- My areolas are sore. Not the entire breast, no just the nipple area.
- I've been getting headaches. Not too bad, just one bad one so far.
- Increased nighttime urination.
- Being extra tired.
This morning after awakening from a nightmare, just my fears of losing my spouse to another woman that is fertile (I think we've all had this type of nightmare), I spoke with J about Hope. He told me he likes calling the embaby Hope and in Spanish Hope is Esperanza. Hmm, wasn't Esperanza the name of the housekeeper that the character Gaylord Focker had an affair with? Well anyway Hope in Slavic is Nadiya. I think I rather like that one. So I'll be calling this embaby by its name in different languages just to keep things interesting I think. If you know of Hope in different languages and want to give me the name let me know.
In other news, I'll be glad when the swelling in my ovaries goes down. I can only sleep in one position right now and its on my back. I try to roll to either side and my ovaries complain.

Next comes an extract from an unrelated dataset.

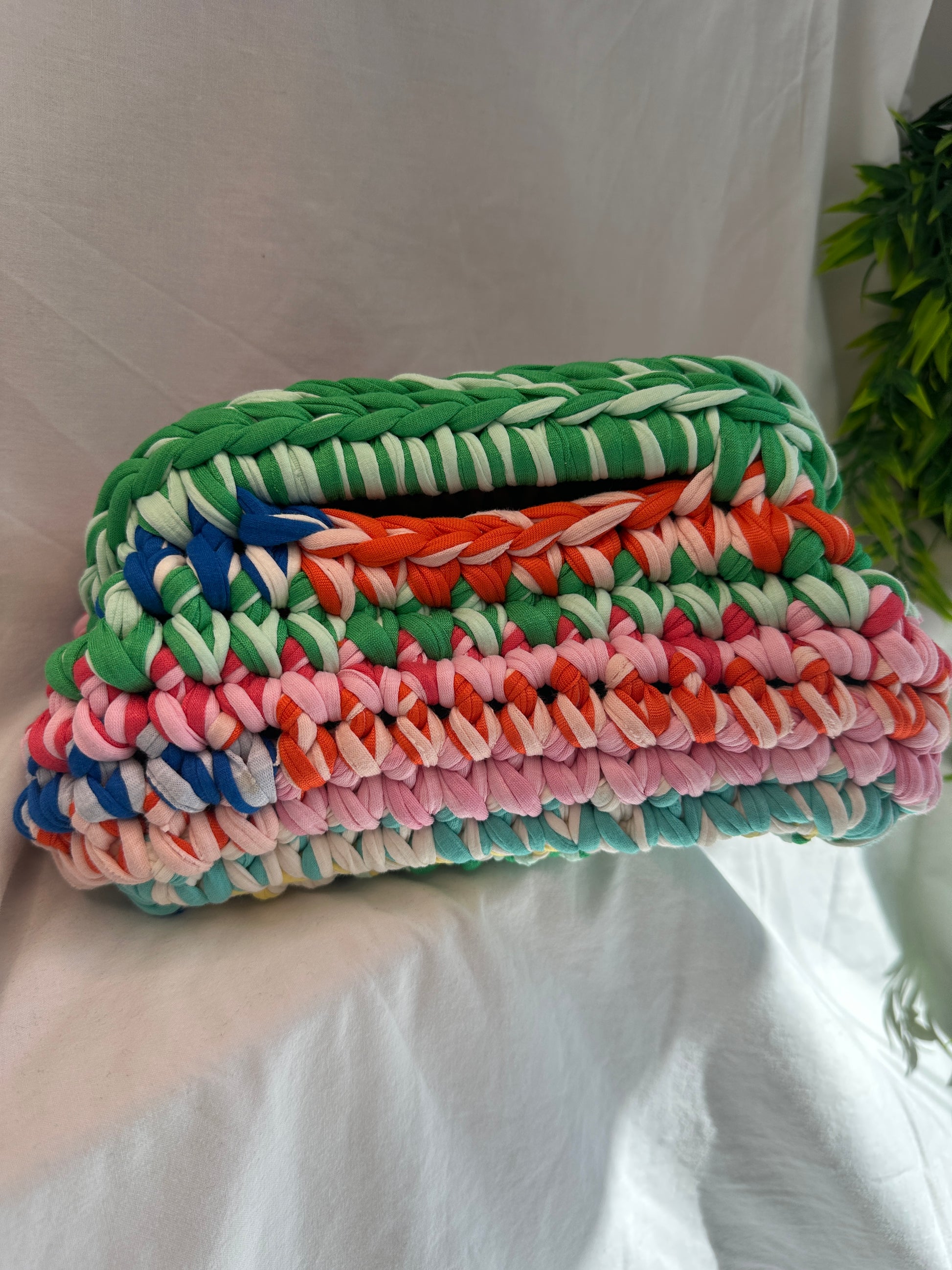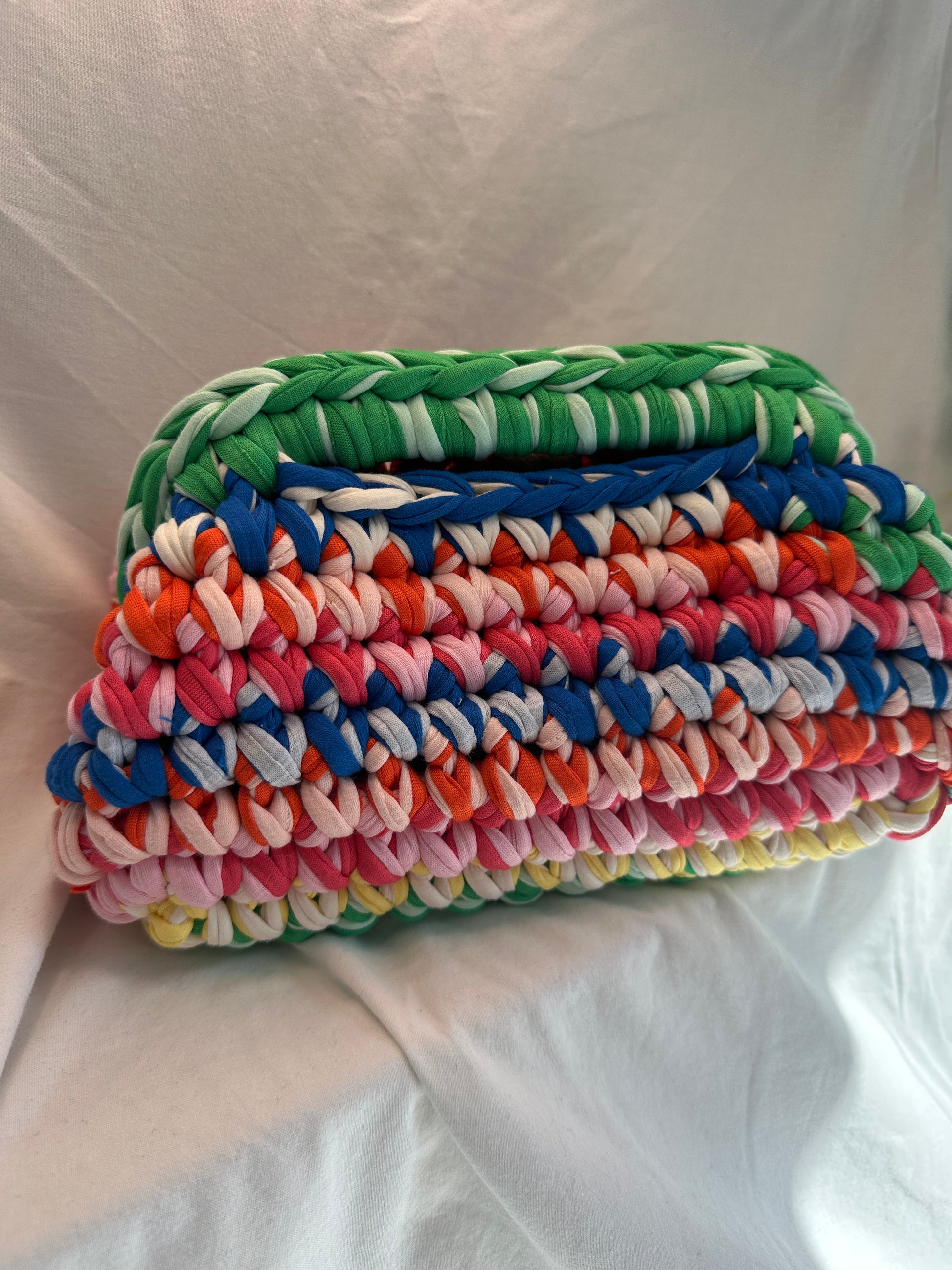 Embrace playful style the Tutti Fruitti clutch, a vibrant explosion of colour. This bag is a joyful mix of juicy oranges, zesty greens, bold blues and candy pinks - the perfect accessory for adding a fun and unforgettable pop of personality to any outfit. More than just a bag - it's a wearable celebration of sustainable style and pure happiness

My uterus is feeling better today. Yesterday morning and afternoon it felt as though I had been punched in the uterus from the inside. The transfer did not go smoothly but I think I already mentioned the two different speculums having to be used because he couldn't get me opened properly with the first one no matter what position he tried with it. The second one was longer. Then began the swabbing with the gauze 2 x 2's and the other gear to clean off the excess mucus. Lovely the Endometrin made my inside messy. Then the catheter bent and it shouldn't have. Dr.C. didn't have a problem with the mock transfer or the first IVF. Dr.B. has only ever wanded me so he didn't know the route I guess.
I did feel some twinges of pain last night before bed. It felt more like pinches but a bit sharper, most likely it was the uterus getting cranky with me. With luck I'll feel something similar over the next few days or week as Hope burrows deep into the uterine lining.
I've asked J to sign back in off leave today as he will have the weekend off. No sense in wasting leave days that we might need later on for a vacation or delivery or possible...well I don't want to say it. He is taking care of me and I'm not going to leave the house for another day.
I did take a warm bath last night and used my brand new candy thermometer that I've had for two years and never took out of the package. So I made sure the bath was about 90 degrees for water temp. My legs still pinkened so I'm guessing I'm just susceptible to cold and heat is all.
I'm being as careful as possible without over worrying. I don't want to add guilt feelings to the stress which would make the stress worse. I am meditating and last night my blood pressure was a reasonable 124/75. So that means that the Circle + Bloom is helping.